Die Beschlüsse der Vorinstanzen werden aufgehoben und die Rechtssache zur neuerlichen Entscheidung nach Verfahrensergänzung an das Erstgericht zurückverwiesen.

Text

Begründung

Aufgrund einer Vereinbarung des Vaters mit der Bezirkshauptmannschaft Linz-Land vom 22. 12. 2005 bezahlte der Vater zunächst einen monatlichen Unterhaltsbeitrag von 185 EUR an die mj Marilis K***** und von 165 EUR an den mj Paul K*****. Beide Kinder wohnen im Haushalt der Mutter und werden von ihr betreut. Ab 1. 2. 2007 wurde diese Unterhaltsverpflichtung einvernehmlich auf monatlich je 100 EUR für beide Kinder herabgesetzt. Ab 1. 1. 2008 beantragten die Minderjährigen die Erhöhung des vom Vater zu leistenden Unterhaltsbeitrags um je 86 EUR auf 186 EUR monatlich, weil der Vater eine Pension beziehe und um Gewährung eines Kinderzuschusses angesucht habe.

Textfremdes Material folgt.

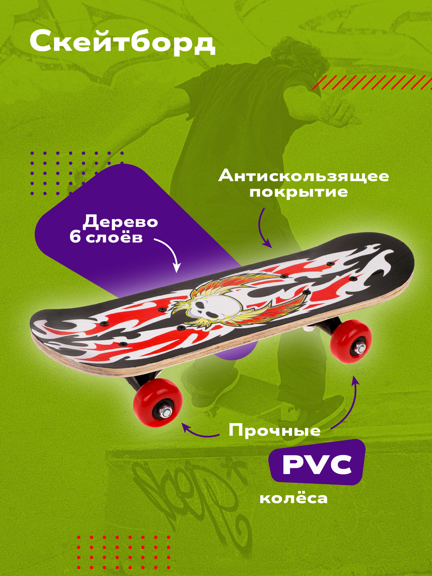 Ниже Вы можете прочитать отзывы на Скейтборд детский Череп с крыльями, дерево, PVC колеса без света 43*13 см, нагрузка до 45 кг, ознакомится с подробными характеристиками, посмотреть интересные обзоры и фотографии на Скейтборд детский Череп с крыльями, дерево, PVC колеса без света 43*13 см, нагрузка до 45 кг.
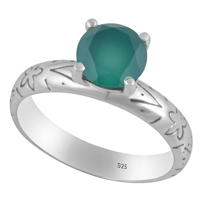 Alluring Prong Seated Gemstone Green Onyx Round Shape 925 Sterling Solid Silver Ring
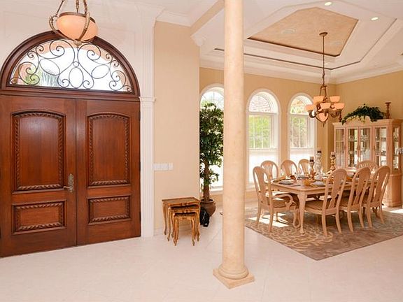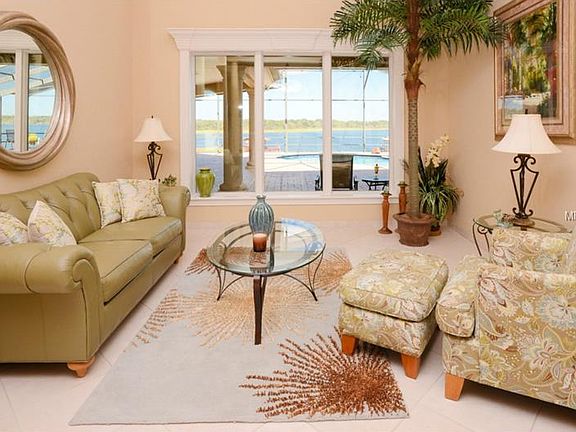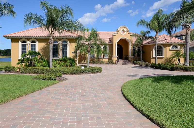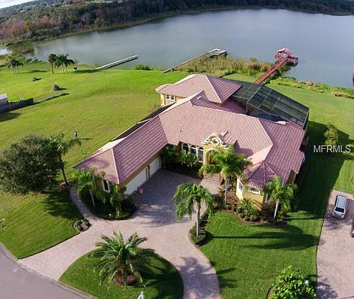 WATERFRONT WONDER - gorgeous one-owner custom home in gated community of Highlands by the Lake located on Banana Lake. This beautiful home boasts a range of upgrades seldom found in any home on three levels. 100% tile or marble flooring throughout (with exception of the media room), all formal rooms and master suite are on the main level. The kitchen boasts top of the line appliances, dual built-in refrigerator & freezer, dual built-in ovens, walk-in pantry and two islands for plenty of food prep space to accommodate the largest of gatherings. The oversized master suite has built-in bookshelves, a full seating area to relax in private and fully customized walk-in closet PLUS the adjacent master bath rivals any high-end spa resort. All bedrooms have adjacent private bathrooms and large closets. Other rooms include a private office/study with built-in partners desk and bookshelves, game room with full wet bar and a media room with full 8 person seating with all AV equipment included! Recently repainted exterior and the pavers the circular driveway, lanai, pool deck and upstairs balcony all recently cleaned and sealed. The two story pool screen enclosure and large "L-shaped" lanai and upstairs balcony afford unrivaled views of the lake beyond. The private dock provides access to one of the few recreational lakes in SE Lakeland that allow for boating and skiing. This magnificent beauty truly has something for everyone . . . . could that someone be you?
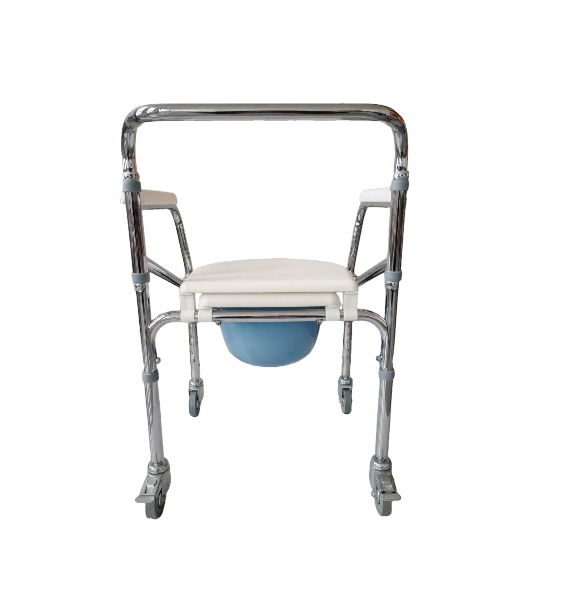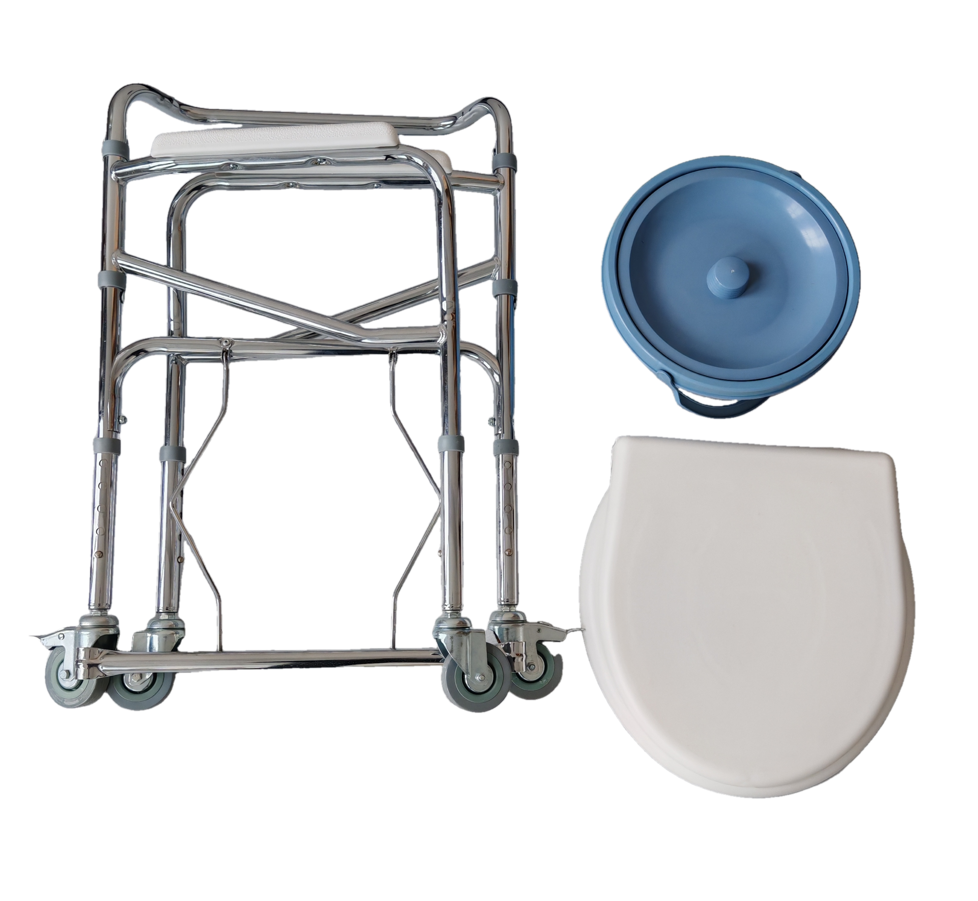 | 送货时效 | 接到订单后3个工作日内发货,具体时效以快递到达时间为准(节假日视情况而定) | 产品参数 | 产品性能:优质钢管,大架管直径22mm,管壁厚度1.0mm,腿部管直径25mm,管壁厚度1.0mm,表面电镀处理,带靠背、固定扶手,安全性能好,美观耐用。椅脚:配四寸万向静音脚轮,配有后刹车,稳定性佳,5档调节。座便器:厕板与便桶采用优质工程聚丙材质,强度好、触感舒适、美观坚固、座便器可卸下、大架可折叠。 |
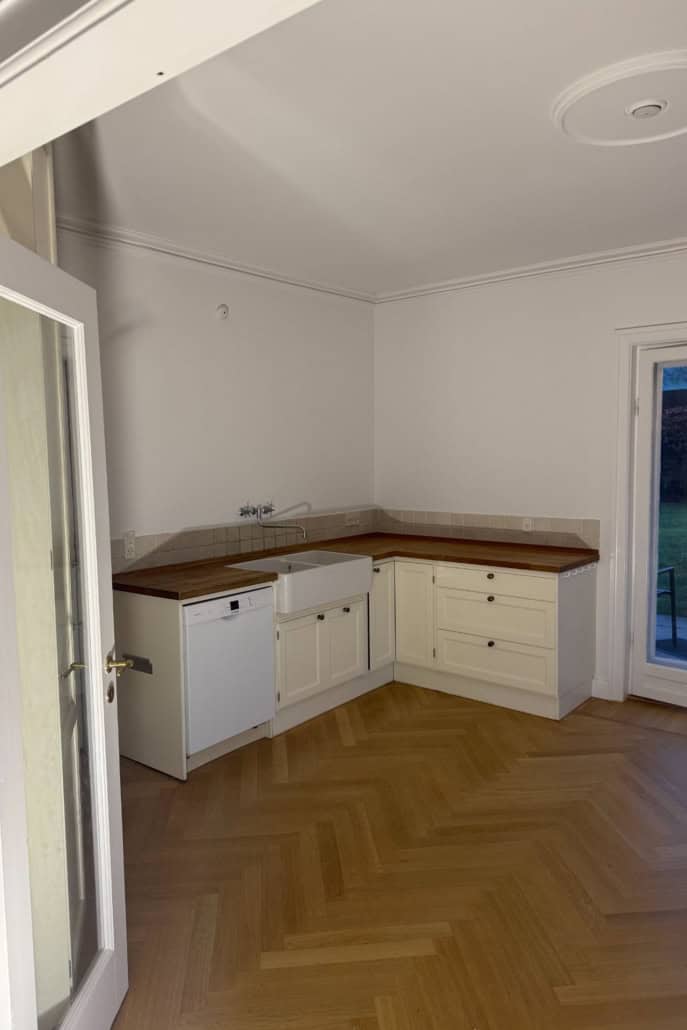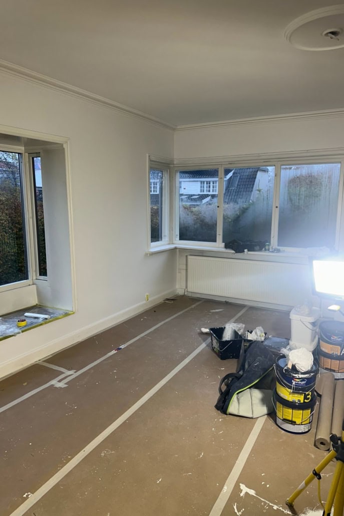 Som følge af det gode resultat har vi nu også fået opgaven med udvendig renovering af facaden og vinduer, som omfatter udskiftning af fuger i murværk, alle stueetagens vinduer samt stern, tagrender og nedløb. Arbejdet planlægges til april, hvor vi samtidig skal udføre bygherres nye tilbygning, så vi fortsætter som totalleverandør på hele projektet.
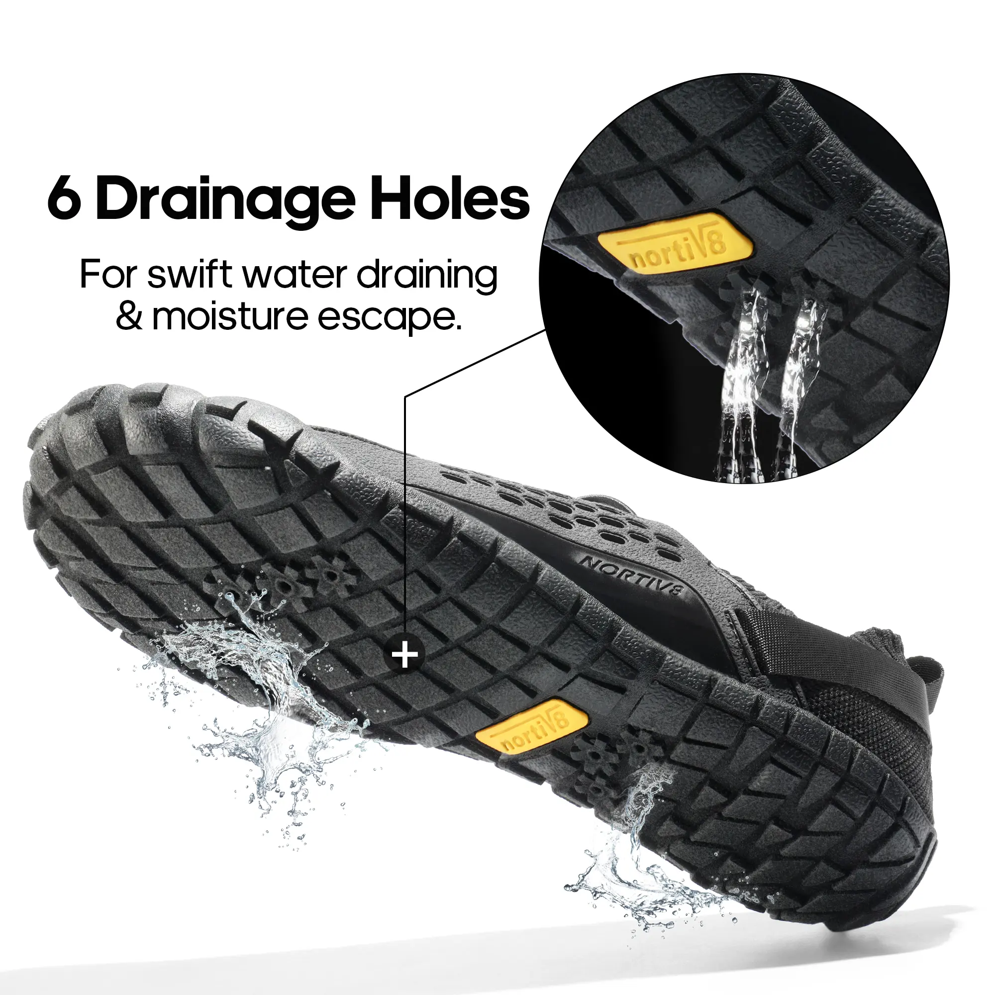 ·Quick Drying: Quick water drainage is made possible by the outsole's drainage holes & a knitted fabric upper.
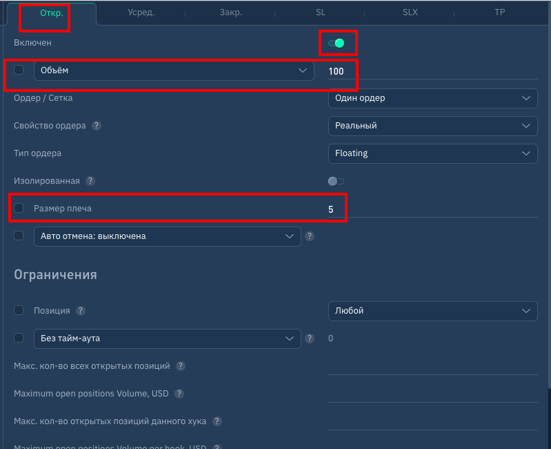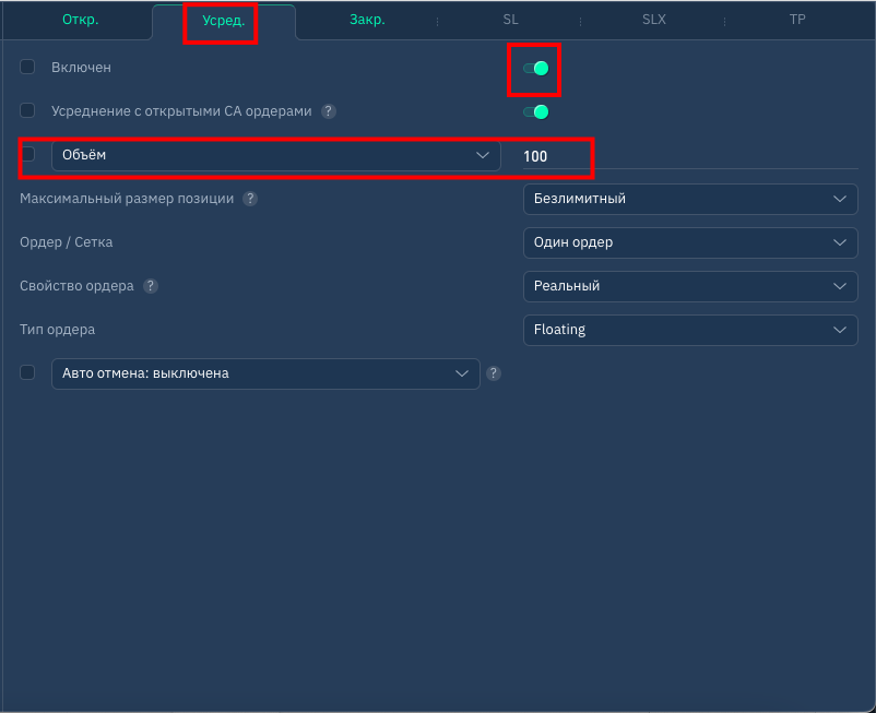 - активируем вкладку "усреднить" и указываем сумму усреднения (покупки) позиции при поступлении однотипного сигнала
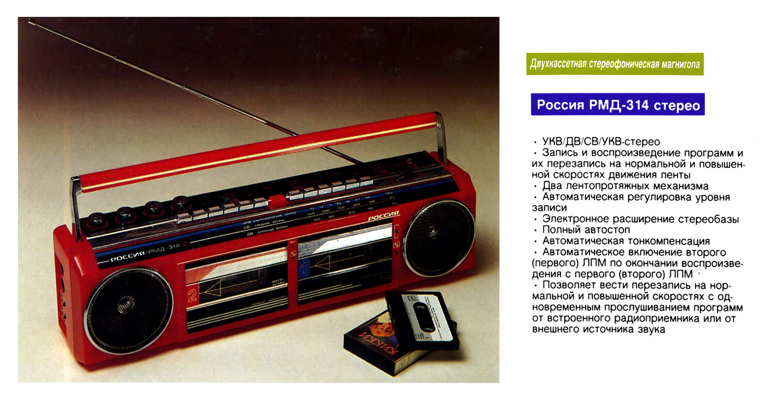 Стереофоническая магнитола *Россия РМД-314С* разработана в 1987 году Челябинским ПО *Полёт*. Магнитола не выпускалась, однако на её базе с небольшими изменениями в схеме и оформлении с 1988 года ПО выпускалась магнитола *Россия РМ-314С*. С 1989 года ПО выпускало магнитолу *Россия РМ-214С*, описанная ниже. Магнитола предназначена для приёма в диапазонах: ДВ, СВ, УКВ (стереофонический приём), записи и воспроизведения фонограмм на кассеты и перезаписи фонограмм с кассеты на кассету. Магнитола имеет отключаемые системы АПЧ и БШН радиоприёмника, ускоренную перезапись, выбор типа магнитной ленты, ускоренный поиск фонограмм по паузам с прослушиванием, поочерёдное воспроизведения кассет, подключения внешних источников сигнала. Есть регулировки тембра НЧ и ВЧ, баланс, громкость с тонкомпенсацией, расширение стереобазы, выход на наушники. Питание МЛ от сети через выносной БП, внешнего источника питания или от 8-ми элементов А-343. Чувствительность в диапазонах: ДВ - 2,0, СВ - 1,2, KB - 0,3 и УКВ ЧМ - 0,05 мВ/м. Коэффициент детонации ± 0,3%. Выходная мощность: номинальная 2х1,5 Вт, максимальная 2х3 Вт. Диапазон рабочих звуковых частот тракта магнитофонов не уже 70...14000 Гц. Масса модели 3 кг.
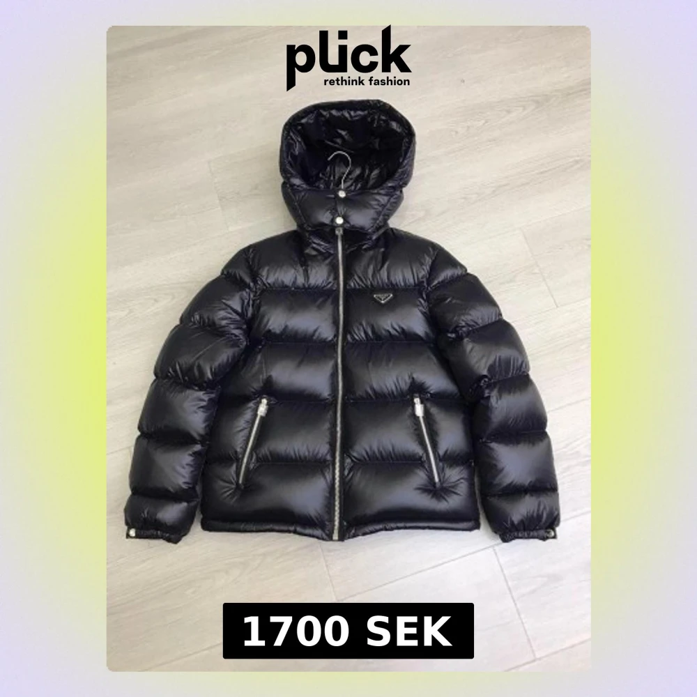 Säljer en svart, glansig pufferjacka från Prada med huva och dragkedja framtill. Jackan har två snedställda fickor med dragkedja och diskret logga på bröstet. Perfekt för kalla vinterdagar och riktigt trendig look.

Der Vater sprach sich gegen diesen Antrag insofern aus, als er sich bereit erklärte, ab 1. 4. 2008 einen erhöhten Unterhaltsbeitrag pro Kind in Höhe von monatlich 120 EUR zu bezahlen. Er beziehe zwar eine monatliche Pension, leide jedoch an Krebs und seine medizinischen Mehrkosten seien nicht berücksichtigt worden. Diese würden monatlich 130 EUR betragen, weil der Vater strenge Diät halten und Medikamente einnehmen müsse, auch benötige er eine Putzhilfe. Der Vater erklärte, Belege für die medizinischen Mehrkosten zu erbringen, legte solche jedoch nicht vor.

Das Erstgericht erhöhte den monatlichen Unterhaltsbetrag für die Kinder im beantragten Ausmaß. Der Vater beziehe eine monatliche Pension von durchschnittlich 1.095,01 EUR netto inklusive Sonderzahlungen, dazu erhalte er je Kind einen Kinderzuschuss von 33,92 EUR. Zu den vom Vater behaupteten krankheitsbedingten Mehraufwendungen stellte das Erstgericht wörtlich fest: „Der Vater hat aufgrund seiner Erkrankung krankheitsbedingte Mehraufwendungen, insbesondere Medikamentenkosten, Kosten für Diätnahrung und Putzhilfe in Höhe von 130 EUR. Der Vater legte zwar eine ärztliche Bestätigung, jedoch keine Belege über die Höhe der krankheitsbedingten Mehraufwendungen vor."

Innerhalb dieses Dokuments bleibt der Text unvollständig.